2. Effect ID-- I'm thinking by that you mean an id of a script to run when it is used? I can see a few ways that could be handled. Items generally are used to lift (or set) statuses, or add HP/MP. That could be done with a series of flags.
However, effect ID could also be a script to use in place of the usual routines (like an alternate damage formula in the case of weapons--FF6 does this a lot). In that case, you pretty much can't make a general set of flags, so it needs a script in any case.
3. FF1-mechanics, not necessarily, but for more flexibility and able to approximate FF6-like mechanics, yes.
4. Yeah... that's a whole other quagmire IMO.
5. Spell-casts (regular spells, summons, blue magic, etc.-all of them), item-usages, weapon attacks, enemy special attacks, plus if you want to have the capacity for in-battle special events, those would need their own entries too.

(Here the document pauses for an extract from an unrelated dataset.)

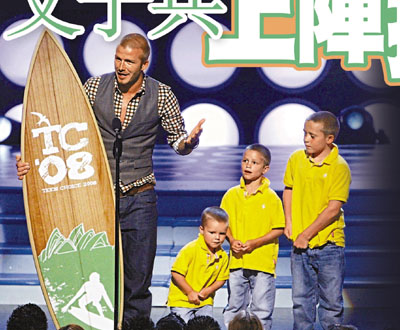 以一身醒目消閒便服上台的碧咸,領取滑浪板型獎座時身旁還有三名寶貝仔布魯克林、羅密歐和告魯斯,一家四口都剪成清爽怡人超短髮,尤其小孩們略帶害羞地望著父親發言,台下觀眾都看得非常開心。而在這個盛大場合,幼子告魯斯再次發揮新萬人迷本色,眾目睽睽下大跳搞笑霹靂舞,兩三下子連父親的風頭都搶去,甚有機會成為美國演藝圈最有前途的童星。據知約三分二的投票者,都有選碧咸是本年度最出色的男運動員,把強勁對手像高比拜仁等大舉拋離,讓他自英國後同時受到美國年輕一輩的支持。所以當地最高銷量的男性刊物《Men's Health》,都把前英格蘭隊長放到今期的封面和封底,那身魅力十足復古裝扮,在拳擊擂台上流露出足球以外的截然不同味道。

6. I don't know if this is the right place to mention it, but battle animations need not be deterministic--i.e. animations have to have some buffer through which they read the mechanics side (due to various random things that the spell/attack may or may not do--obvious when you think about it, as damage numerals are an animation too--but it can also manifest in subtle ways, like a Meteo spell that randomly chooses to have some number of 'hits' that each has its own target selection and damage calculation,but all under the same umbrella animation).
Battles will need to have some kind of memory structure to keep track of lots of variables as battle progresses--variables which should be visible to everything else in battle, like spell effects, monster AI, etc. Fundamental to that memory structure, then, will be the number of combatants. If that is established, then the arrays of data can be initialized by a battle initialization function. Data such as "combatants affected by poison", "combatants under effect of Slow", etc. For every status and quasi-status (could be several dozen of those), there has to be a battle variable for each combatant. Also, all the basic attributes for every combatant must be copied somewhere.
THEN, there has to be some "current attack" data. Again, obvious that it must exist, but it exactly what it contains must be rather substantial as well; there's a command, attacker ID, target(s) ID(s), specific spell (if magic), elemental flags, etc.